Housing relocation officers working for HUD visited Fairburn & Gordon tenants Thursday morning to discuss plans to move them into safer homes. HUD is only responsible for relocating Section 8 tenant households, which only compose about 23 of an estimated 110 occupied units at Fairburn & Gordon.

Help From Mayor Dickens

Representatives from Mayor Andre Dickens’ Housing Help Center attended Thursday’s hearing as well to help address concerns from tenants who aren’t on HUD assistance.

During and after the hearing, Smith, the deputy solicitor, noted that most of the repairs completed at Fairburn & Gordon since May were done to vacant units instead of the occupied apartments where tenants lived.
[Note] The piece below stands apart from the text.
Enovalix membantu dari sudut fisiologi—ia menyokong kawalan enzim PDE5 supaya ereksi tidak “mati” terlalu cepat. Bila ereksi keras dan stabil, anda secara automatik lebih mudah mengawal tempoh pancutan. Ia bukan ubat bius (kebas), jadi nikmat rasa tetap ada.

She asked the judge if the tenants who pay rent can be moved into Fairburn & Gordon’s renovated units for the time being.

“They need to either relocate these tenants into the units that have been rehabbed, or fix what’s broken in these occupied units,” Smith said.
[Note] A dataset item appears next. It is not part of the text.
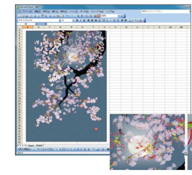 + h V* A* d0 c7 Q; }# d/ X花了整整半年, 了解透Excel各项神奇的功能后, 堀内辰男开始了作画的尝试, 最初从一片树叶,一瓣花瓣开始。 / e* |- w- R+ r' T6 J4 Q
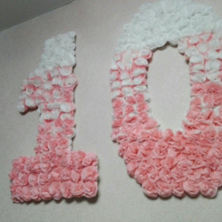 Объёмные цифры ручной работы. Основа — картон, цветы из салфеток. Высота 50 см, ширина 40 см, толщина 10 см. Цена за обе цифры.

Tenants also were asked to fill out paperwork indicating what maintenance issues still exist in their apartments. Housing Help Center Director Donell Q. Woodson estimated that about 80% of Fairburn & Gordon tenants who are not on Section 8 are behind on their rent and need to at least attempt to catch up before the city can help them find safer homes.

“It won’t preclude them from being able to have our services, but we want to make sure they have attempted to address the back due rent,” Woodson said.

Woodson said the mayor is prioritizing providing more urgent help to Fairburn & Gordon’s residents. That potentially includes paying to get air conditioners for tenants whose AC units are broken in addition to eventually helping them find “immediate, secure, and safe housing.”

“The long-term fix is what we’re really after,” Woodson said.

Correction: A previous version of this story incorrectly reported the last name of one of the owners of the Fairburn & Gordon II Apartments. The owner’s name is Abraham Beroukhai.

Chauncey Alcorn is Capital B Atlanta's state and local politics reporter.